Each woman experiences pregnancy differently. It’s a time of physiological changes and months of anticipation, planning, and preparation. However, for women who are serving time behind bars, it can be a very isolating experience. There is a stigma around women who have been convicted of crimes, and their needs are often overlooked while they are serving a sentence. Luckily, women of the Minnesota Prison Doula Project are here to advocate for and support this underserved population.
The Minnesota Prison Doula Project started in 2008 with a mission to provide pregnancy and parenting support for incarcerated women. Trained doulas provide birth support as well as group-based and individual education to pregnant women and mothers. The goal is to nurture healthy mother-child relationships and increase parenting confidence and skills. Currently the project is operating in seven facilities in Minnesota. They have been working under the University of Minnesota Foundation, but will soon be launching their own independent nonprofit organization called The Ostara Initiative.
NMF granted the Minnesota Prison Doula Project $20,000 to partner with the Beltrami County Jail and Beltrami County Health and Human Services to create pregnancy and parenting education and support for incarcerated women and girls. The program offers weekly individual and group-based learning opportunities that are evidence-informed and have been proven effective with incarcerated mothers in other regions of Minnesota.
Doula Emily Lindell partners with the Prison Doula Project in Beltrami County. She visits the Beltrami County Jail every Monday and Friday with Jenny Greenleaf, a mentor with the Prison Doula Project. On Mondays, Emily and Jenny hold one-on-one meetings with inmates, and on Fridays they lead a small group about parenting.
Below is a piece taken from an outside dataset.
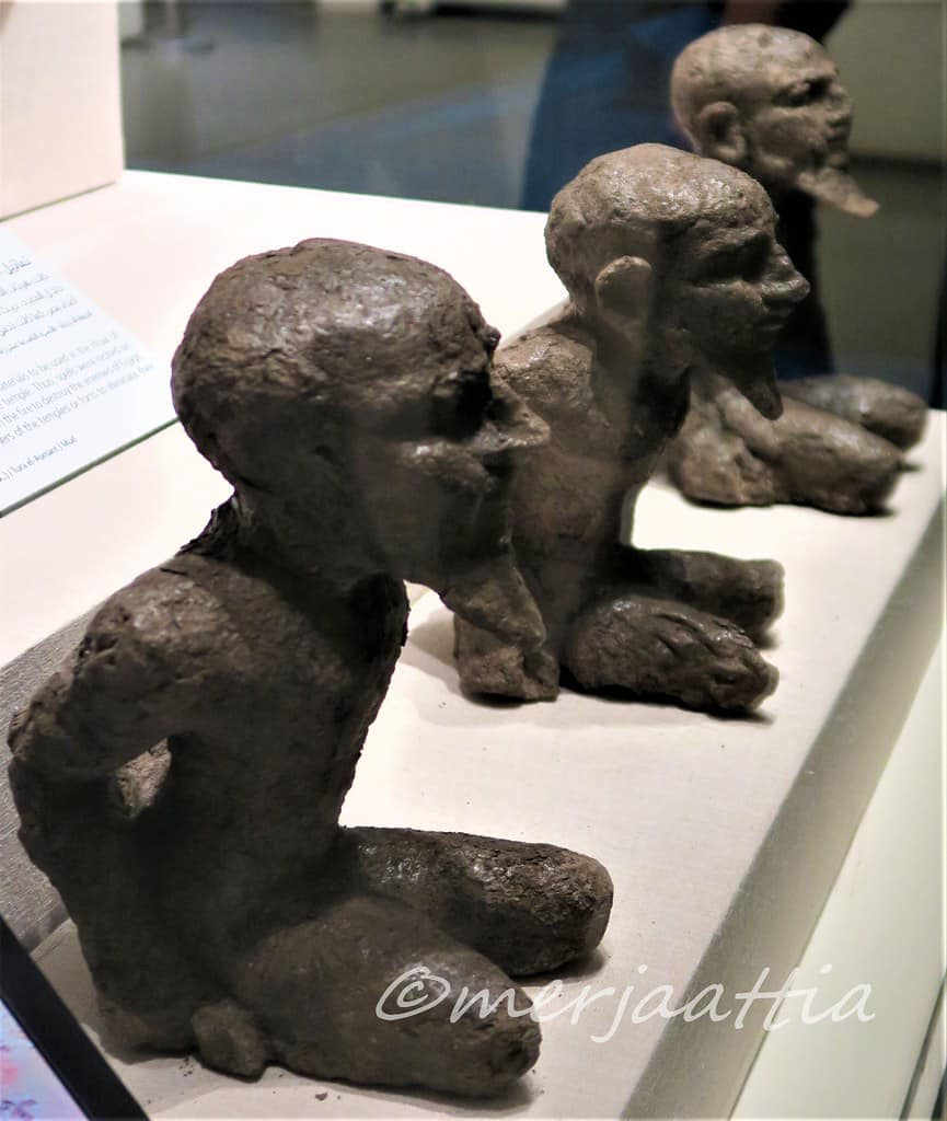 Queste statuine, realizzate in fango, sono state trovate a Tura-El-Asmant.NMEC

Although they only see two to four inmates at a time, these women show up weekly and look forward to sharing their feelings and experiences with the community they are creating together. “This is a starting point to support women and break the cycle of addiction,” says Jenny. “I don’t think these women realize that we are just as grateful for them as they are for us.”
Every inmate’s experience is unique and complex. Many incarcerated women are victims of their circumstances, which may include abuse, poverty, and addiction. To uplift these women and help create a new path for themselves and their children, it’s important to meet them where they are and provide them with resources and a sense of hope. What happens in the home makes a dramatic impact on the trajectory of a child’s life, and the Minnesota Prison Doula Project believes healthy children who become responsible adults are raised by empowered mothers.
“We are so proud of the work Emily and Jenny are doing with this group at the Beltrami County Jail,” says founder of the Minnesota Prison Doula Project, Erica Gerrity. “We will be directing more resources to their program because their work in this region is so needed.”